There may be differences between the original characterization of the module and the actual field performance. Therefore recharacterizing the module SAPM coefficients may improve the prediction reducing the bias.
Before fitting the model, we filter spectral effects, since spectrum is not measured directly. For simplicity, we can also filter angular effects, even though it is measured already. If we only use pressure corrected airmass between 1.49 and 1.51 and angles of incidence less than 45 degrees that leaves 317 points from 38,011.
filter_idx = (1.49 < solpos_am_data['amp']) & (solpos_am_data['amp'] < 1.51) & (aoi < 45.0)
filter_data = cdte_cocoa[filter_idx]
filter_poa = poa[filter_idx]
filter_celltemp = celltemp[filter_idx]
filter_idx.sum()
41
The short circuit current is given by Eq. (1) in SAPM:
$$I_{sc} = I_{sc0} \frac{f_1 \left(E_b f_2 + E_{diff} \right)}{E_0} \left(1 + \alpha_{I_{sc}} \left(T_c - T_0 \right) \right)$$We can use least squares to solve for $I_{sc0}$ and $\alpha_{I_{sc}}$ if we write Eq. (1) as $Ax = B$ where:
$$B = I_{sc}$$$$A_1 = E_{eff} = f_1 \frac{ E_b f_2 + E_{diff} }{E_0}$$$$A_2 = E_{eff} \left(1 + \alpha_{I_{sc}} \left(T_c - T_0 \right) \right)$$$$x_1 = I_{sc0}$$$$x_1 = I_{sc0} \alpha_{I_{sc}}$$assuming that $f_1$ and $f_2$ are both one.
# solve for Isc0 and alphaIsc
filter_eff = (filter_poa['poa_direct'] + filter_poa['poa_diffuse']) / E0
A = pd.concat([filter_eff, filter_eff * (filter_celltemp - 25.0)], axis=1)
B = filter_data['Isc (A)']
x, res, rank, s = np.linalg.lstsq(A, B)
Isc0_new = x[0]
Aisc_new = x[1] / Isc0_new
print "new Isc0 = %g [A], alphaIsc = %g" % (Isc0_new, Aisc_new)
print "original values:\n\tIsc0 = %g [A], alphaIsc = %g" % tuple(sapm_coeff_renamed.loc[PVMODULE][['Isco', 'Aisc']])

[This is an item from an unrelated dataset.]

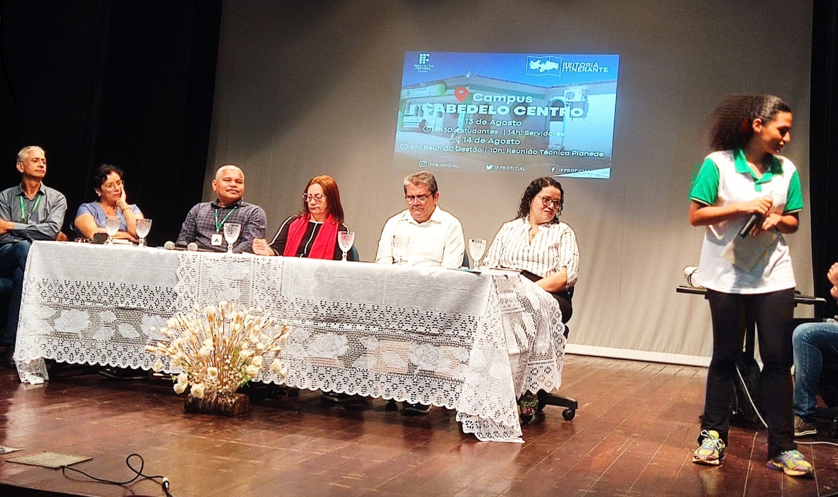 A Reitoria Itinerante do IFPB, presidida pela reitora Mary Roberta, promoveu uma série de reuniões com a comunidade do Campus Cabedelo Centro no dia 13 agosto, no Teatro Santa Catarina. Às 8h30, a equipe de dirigentes se encontrou com os estudantes, e às 14h, a reunião foi com os servidores. Em seguida foram realizadas avaliações com a gestão do campus e uma reunião sobre planejamento estratégico.

print "norm of residuals: %g" % res
new Isc0 = 1.14954 [A], alphaIsc = -0.000964008 original values: Isc0 = 1.14486 [A], alphaIsc = 0.00051 norm of residuals: 0.0726505
Bres = pd.DataFrame({'Bpred': np.dot(A, sapm_coeff_renamed.loc[PVMODULE][['Isco', 'Aisc']]), 'B': B}, index=timestamps[filter_idx])
Bres.insert(0, 'bres', Bres['Bpred'] - Bres['B'])

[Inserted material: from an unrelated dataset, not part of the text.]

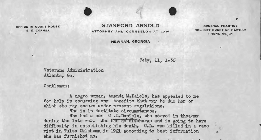 In May 1921, a young African American man, “Diamond” Dick Rowland, was arrested for allegedly assaulting a white female elevator operator. Thanks to a newspaper article published by the Tulsa Tribune on May 31st, a white mob formed outside the courthouse where Rowland was jailed. Representatives from the adjacent Black community of Greenwood repeatedly approached the sheriff offering support to maintain rule of law for Rowland, and after one of these visits someone in the white crowd accosted a Greenwood resident, shots were fired, and several men were injured or killed that night.

print "original res norm: %g" % np.sum(Bres['bres']**2) # or np.linalg.norm(Bres['bres'])**2
original res norm: 0.0904157
from scipy import optimize
def calc_imp(x, eeff, tc, imp_):
imp0, c0, alpha_imp = x
return imp_ - imp0 * (c0 * eeff + (1 - c0) * eeff**2) * (1 + alpha_imp * (tc - 25.0))
params = (filter_eff, filter_celltemp, filter_data['Imp (A)'])

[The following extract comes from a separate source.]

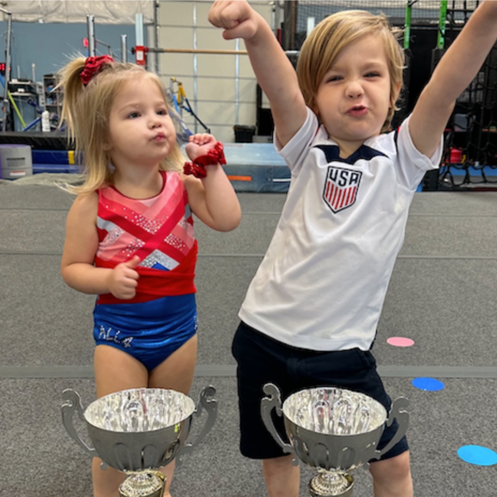 As soon as they master basic skills and following directions, they can move up to our 4 and 5 year old classes such as Mighty Tykes Gymnastics, Mighty Tumblers, Mighty Tykes Cheer, and Little Ninja.

x = optimize.leastsq(calc_imp, x0=sapm_coeff_renamed.loc[PVMODULE][['Impo', 'C0', 'Aimp']], args=params)
Imp0_new, C0_new, Aimp_new = x[0]
print 'Imp0_new = %g [A], C0_new = %g, alphaImp = %g' % (Imp0_new, C0_new, Aimp_new)
Imp0_new = 0.955454 [A], C0_new = 1.15885, alphaImp = 0.00100305
sapm_coeff_renamed.loc[PVMODULE][['Impo', 'C0', 'Aimp']]
Impo 0.973822 C0 1.004510 Aimp 0.000297 Name: CdTe75669, dtype: float64
print 'new res = %g' % np.sum(calc_imp(x[0], *params)**2)
print 'old res = %g' % np.sum(calc_imp(sapm_coeff_renamed.loc[PVMODULE][['Impo', 'C0', 'Aimp']], *params)**2)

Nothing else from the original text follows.